According to an embodiment, the voltage generation unit 220 may generate the second output value that is equal to the voltage of the battery. For example, the voltage generation unit 220 may generate the first output value having a magnitude corresponding to the magnitude of the voltage of the battery module 100. In addition, the voltage generation unit 220 may generate the second output value that is a difference between the voltage applied to the shunt resistor 210 and the voltage of the battery when the discharging over-current flows in the shunt resistor 210. For example, the voltage generation unit 220 may generate the second output value that is less than the magnitude of the voltage of the battery module 100 by the magnitude of the voltage applied to the shunt resistor 210 when the discharging over-current flows in the shunt resistor 210. That is, the second output value may be obtained by subtracting the magnitude of the voltage applied to the shunt resistor 210 from the voltage of the battery module 100 when the discharging over-current flows in the shunt resistor 210.

The battery management apparatus 200 may detect the discharging over-current based on the first output value and the second output value that are generated in the voltage generation unit 220.

Meanwhile, according to an embodiment, the voltage generation unit 220 may be implemented with a plurality of resistors and a plurality of switches. For example, the plurality of switches may be any one of a negative-positive-negative (NPN)-type bipolar junction transistor (BJT), a positive-negative-positive (PNP)-type BJT, and a metal-oxide-semiconductor field-effect transistor (MOSFET).

Referring to FIG. 3, the battery management apparatus according to an embodiment disclosed herein may further include a determination unit 230 in addition to the shunt resistor 210 and the voltage generation unit 220.

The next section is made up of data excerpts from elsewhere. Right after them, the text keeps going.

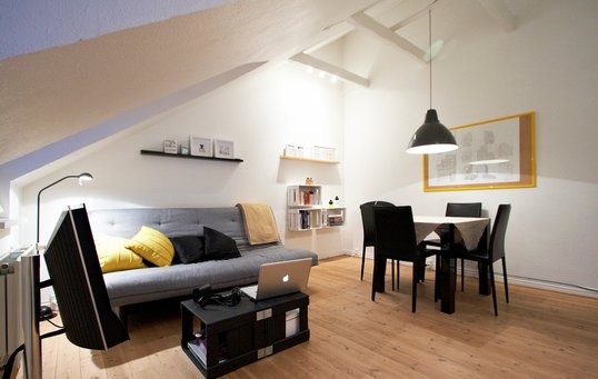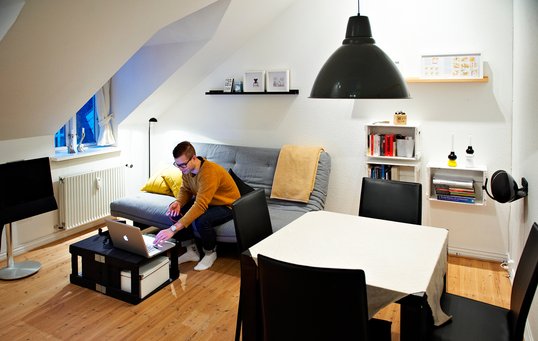 I dag fremstår de 28 kvadratmeter rummelige, omend Kresten Bjerre Basse godt kunne ønske sig et separat rum at sove i.
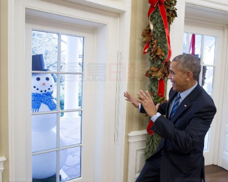 據巴士的報報道,美國總統奧巴馬將在白宮度過總統生涯最後一個聖誕節。白宮人員為了讓奧巴馬留下深刻回憶,故意在橢圓形辦公室窗外擺放一個看似在偷窺的雪人,想嚇奧巴馬一跳。
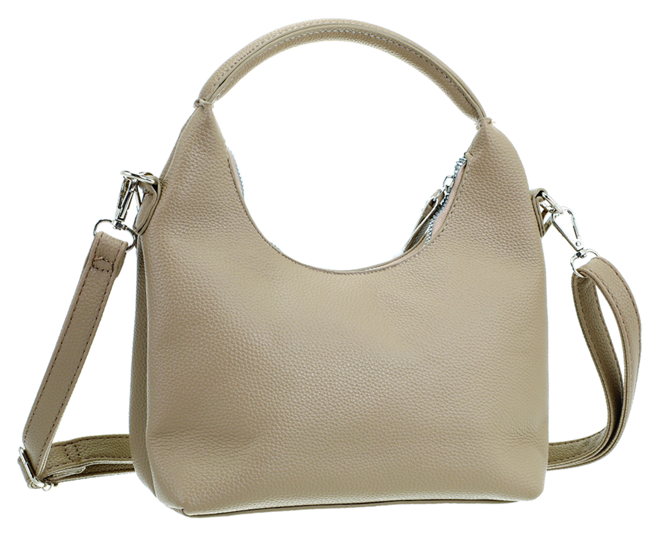 Cartera mediana confeccionada en material símil cuero con textura graneada color Arena. Posee un diseño estructurado con manija superior rígida y correa larga regulable y desmontable, que permite usarla tanto al hombro como cruzada.
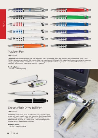 Exocet Flash Drive Ball Pen Code: 107697 Description: Twist action, brass multi-function ball pen with a stylus
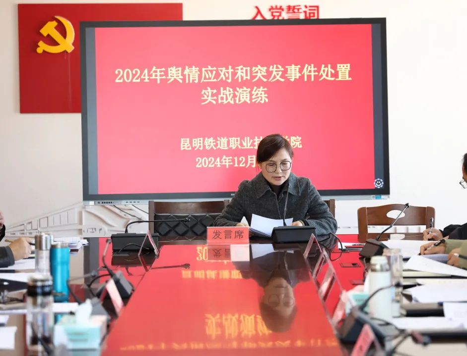 “与事实不符”“主观臆测”“将进一步追责”……12月20日,学院舆情应对和突发事件处置实战演练在模拟事件营造的紧张氛围中展开。党政班子成员、全体中层干部参加演练。
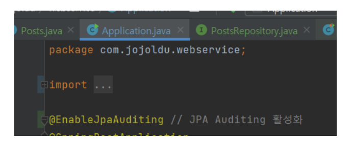 위와 같이 JPA Auditing 어노테이션들을 모두 활성화 시키기 위해 Application 클래스에 활성화 어노테이션(@EnableJpaAuditing)을 추가해줍니다!
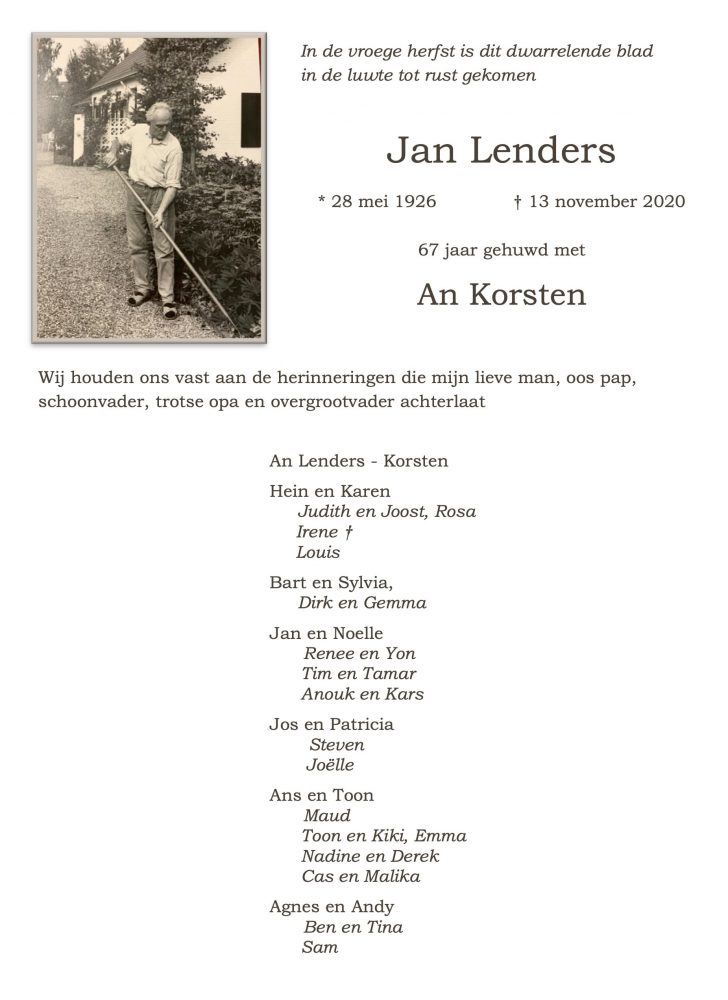 Overlijdensbericht: Jan Lenders †
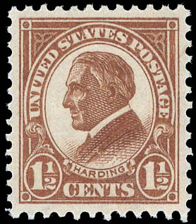 1925, 1½¢ Harding (Scott 553), a gem with essentially perfect centering, o.g., never hinged, Superb, with 2019 P.S.E. certificate graded SUP 98. SMQ

The determination unit 230 may determine whether the over-current flows in the shunt resistor 210, based on the first output value and the second output value generated in the voltage generation unit 220. That is, in a situation where the charging over-current or the discharging over-current does not directly flow in the shunt resistor 210, the voltage generation unit 220 may generate the applied voltage when the charging over-current or the discharging over-current flows in the shunt resistor 210, and the determination unit 230 may receive the generated first output value and second output value and determine whether the over-current flows in the shunt resistor 210.

Thus, it may be diagnosed whether the determination unit 230 normally performs the over-current detection function. For example, when the determination unit 230 fails to determine that the over-current flows in the shunt resistor 210 in spite of reception of the first output value and the second output value from the voltage generation unit 220, it may be diagnosed that the determination unit 230 fails to normally perform the over-current detection function.

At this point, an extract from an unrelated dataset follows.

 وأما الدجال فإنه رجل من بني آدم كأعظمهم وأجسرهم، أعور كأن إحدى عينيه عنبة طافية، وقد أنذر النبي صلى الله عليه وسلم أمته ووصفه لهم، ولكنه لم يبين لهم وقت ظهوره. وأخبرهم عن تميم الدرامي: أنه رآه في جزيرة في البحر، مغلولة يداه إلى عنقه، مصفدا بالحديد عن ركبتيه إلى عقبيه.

The voltage generation unit 220 in the battery management apparatus 200 will now be described in detail with reference to FIG. 4.

FIG. 4 is a view for describing in detail a voltage generation unit in a battery management system, according to an embodiment disclosed herein.

Referring to FIG. 4, the voltage generation unit 220 according to an embodiment disclosed herein may include the plurality of resistors 221 and the plurality of swtiches 222.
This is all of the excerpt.